A library for making a local copy of the Pathosystems Resource Integration Center's genome annotations in a relational database.
Some time ago I thought it'd be a great idea to include the annotations derived from PATRIC in my project. Later I realized that the only programmatic method for accessing their data was to use their FTP server to bulk download the relevant files and parse them.
This little library is an attempt to make the process of consuming that data simpler, and provide a simple relational scheme for representing that data once it is consumed. It uses SQLAlchemy's ORM to structure things.
It currently is hard-coded to use SQLite, however this could easily be changed to use an arbitrary database connection URI.
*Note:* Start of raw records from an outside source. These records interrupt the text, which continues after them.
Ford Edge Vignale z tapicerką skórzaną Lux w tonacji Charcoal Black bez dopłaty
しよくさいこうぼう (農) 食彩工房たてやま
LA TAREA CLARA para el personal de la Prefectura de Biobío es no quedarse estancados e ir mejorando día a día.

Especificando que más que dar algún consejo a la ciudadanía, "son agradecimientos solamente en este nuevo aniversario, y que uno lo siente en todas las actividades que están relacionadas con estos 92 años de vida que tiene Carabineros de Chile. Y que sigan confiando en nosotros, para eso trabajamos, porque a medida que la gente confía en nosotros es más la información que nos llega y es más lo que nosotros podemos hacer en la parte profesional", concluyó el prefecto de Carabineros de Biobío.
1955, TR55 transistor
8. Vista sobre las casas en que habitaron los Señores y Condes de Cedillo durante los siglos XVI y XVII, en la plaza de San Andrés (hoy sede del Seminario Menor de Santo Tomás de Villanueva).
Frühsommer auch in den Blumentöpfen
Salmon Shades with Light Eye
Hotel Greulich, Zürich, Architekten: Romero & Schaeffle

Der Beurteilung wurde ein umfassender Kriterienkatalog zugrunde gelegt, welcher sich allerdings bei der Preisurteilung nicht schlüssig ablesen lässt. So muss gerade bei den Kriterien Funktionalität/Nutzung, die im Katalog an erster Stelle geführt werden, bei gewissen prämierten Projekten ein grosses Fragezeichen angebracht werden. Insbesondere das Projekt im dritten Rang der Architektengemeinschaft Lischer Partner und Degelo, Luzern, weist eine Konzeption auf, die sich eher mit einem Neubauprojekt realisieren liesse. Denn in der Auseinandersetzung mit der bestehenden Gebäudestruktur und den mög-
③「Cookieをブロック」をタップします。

from patric_mirror import mirror, make_session, Genome, Feature, Pathway
db_file = "path/to/storage.db"
mirror(db_file) # mirror all annotations into this database
# Later, looking for metabolism features
session = make_session(db_file)
balneola_vulgaris_metabolism_features = session.query(Feature).filter(Feature.accession == "AQXH01000001").join(
Pathway).filter(Pathway.description.like("%metabolism%")).all()
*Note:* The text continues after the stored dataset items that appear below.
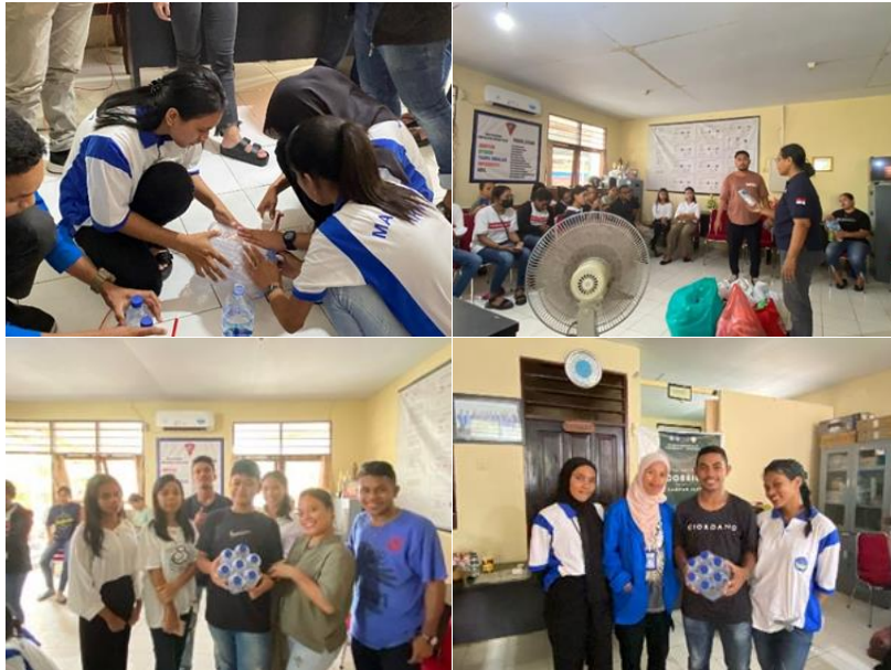
Gambar 3. Pelaksanaan Pelatihan Ecobrick bersama Bank Sampah Alstonia, Pemuda-Pemudi Kelurahan Batu Gajah dan Mahasiswa KKN Unpatti Angkatan XL IX-Gelombang II

Keberhasilan dari kegiatan ini ditunjukkan dengan antusias peserta pada saat berlangsungnya penyampaian sosialisasi dimana beberapa peserta aktif bertanya terkait materi sosialisasi yang diberikan. Selain itu, adapun kerjasama yang baik dari setiap peserta yang dibentuk dalam kelompok pada saat pelatihan berlangsung. Singkatnya, 20 pemuda-pemudi di Batu Gajah yang hadir memperoleh banyak informasi juga ilmu baru lewat sosialisasi dan pelatihan tentang jenis-jenis sampah plastik, proses dan berapa lama yang dibutuhkan untuk penguraian sampah plastik, dampak sampah plastik bagi lingkungan serta bagaimana pemilahan serta pengolahan sampah plastik secara baik dan benar.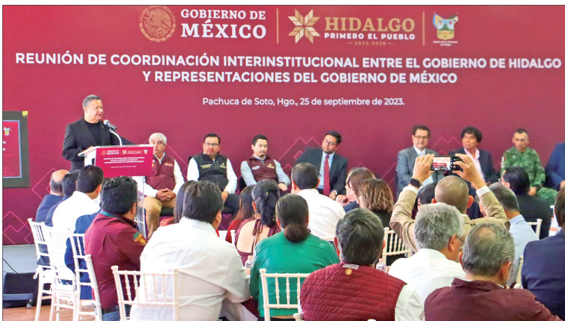
Julio Menchaca Salazar, presidió, en la Sala del Pueblo, una reunión entre su gabinete y las distintas representaciones del Gobierno de México en la entidad.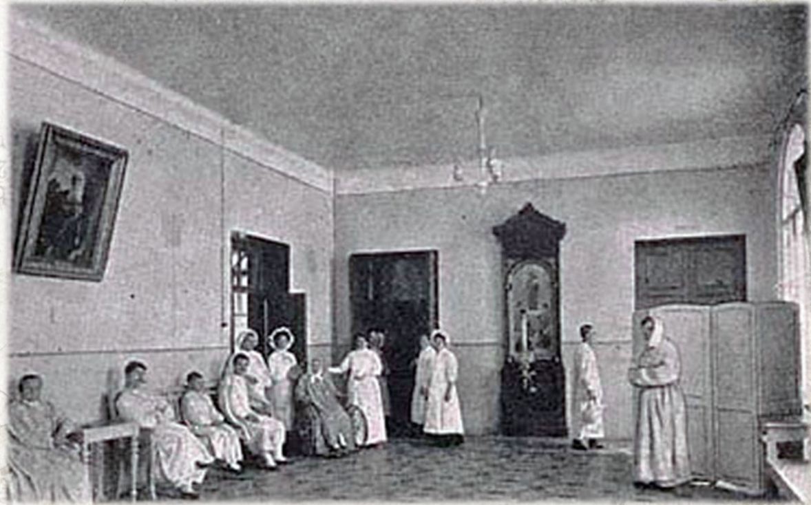
Старые изображения Преображенской больницы

12 августа 1897 года на XII Международном съезде психиатров в Москве профессор Жолли из Берлинского университета вносит предложение именовать полиневротический психоз, описанный и исследованный впервые Корсаковым, «Корсаковским психозом». Корсаковский больной не помнит то, что было с ним несколько минут назад. Стоит ему отойти от стола с шахматной доской или с едой, и он будет утверждать, что не играл и не ел. Меньше всего у корсаковских больных страдает память двигательных навыков, привычек - всего, что заполняет сферу бессознательного автоматизма. Второе место по стойкости занимает память чувств - способность к запоминанию не столько самого объекта, сколько его значения. Третье - образная память на места и формы. И на самом последнем месте - память времени, способность фиксировать внешние и внутренние процессы, события и динамику мысли.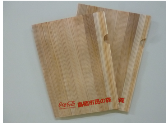
木に親しむことによる緑化啓発活動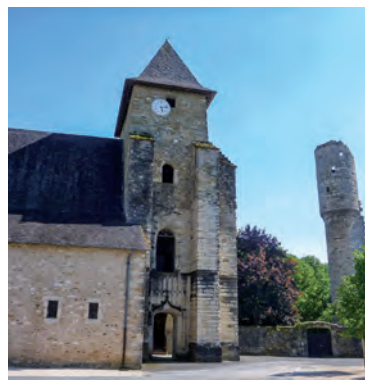
L'Église de Lucq-De-Béarn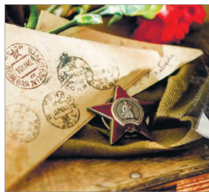
МАЙДАНДА ХАТ ТАСЫҒАН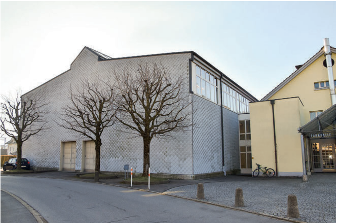
2023 entscheidet die Bürgerschaft über die Instandsetzung der Rheinauhalle.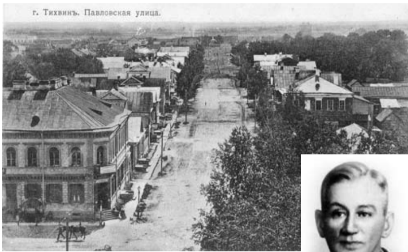
г. Тихвин. Павловская улица.

Герой одного из рассказов Несмелова думает во сне: «Как будто это мой Тихвин». Сказано это слишком сильно для просто гостя города. Возможно, что бабушка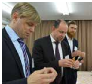
リトアニア産はちみつとベリーを使用した鮎菓子好評でした。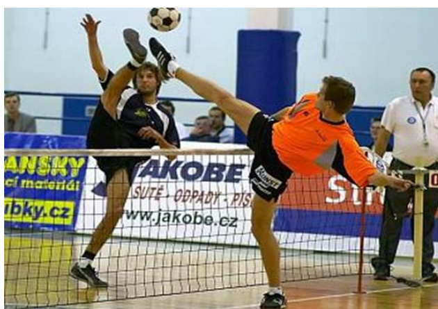
Obrázek 8 Nohejbal - ilustrační foto

Z celkové atmosféry, která se projevovala v tomto zápase, bylo zřejmé, že tento sport má mnoho nadšených příznivců, je velice po našem městě oblíben a do budoucna má zajištěnou velkou perspektivu. Protože k provozování tohoto sportu není zapotřebí velkého množství hráčů (na každé straně dva až tři hráči) může tento sport v některých případech být provozován i tam, kde dříve tradičně dominoval volejbal.

# Elsewhere, looking for features mapped by sequencing of this chromosome/genome
from collectons import Counter
mapped_coordinates = get_mapped_coordinates_from_sam_file()
mapped_go_terms = Counter()
for read_start, read_end in mapped_coordinates:
features = session.query(Feature).filter(
Feature.accession == "AQXH01000001", Feature.spans(read_start) or Feature.spans(read_end)).all()
for feature in features:
for go_term in feature.go_terms:
mapped_go_terms[go_term.description] += 1
If you use data derived from PATRIC, please be sure to cite the relevant publication below:
Note
Wattam, A.R., D. Abraham, O. Dalay, T.L. Disz, T. Driscoll, J.L. Gabbard, J.J. Gillespie, R. Gough, D. Hix, R. Kenyon, D. Machi, C. Mao, E.K. Nordberg, R. Olson, R. Overbeek, G.D. Pusch, M. Shukla, J. Schulman, R.L. Stevens, D.E. Sullivan, V. Vonstein, A. Warren, R. Will, M.J.C. Wilson, H. Seung Yoo, C. Zhang, Y. Zhang, B.W. Sobral (2014). “PATRIC, the bacterial bioinformatics database and analysis resource.” Nucl Acids Res 42 (D1): D581-D591. doi:10.1093/nar/gkt1099. PMID: 24225323.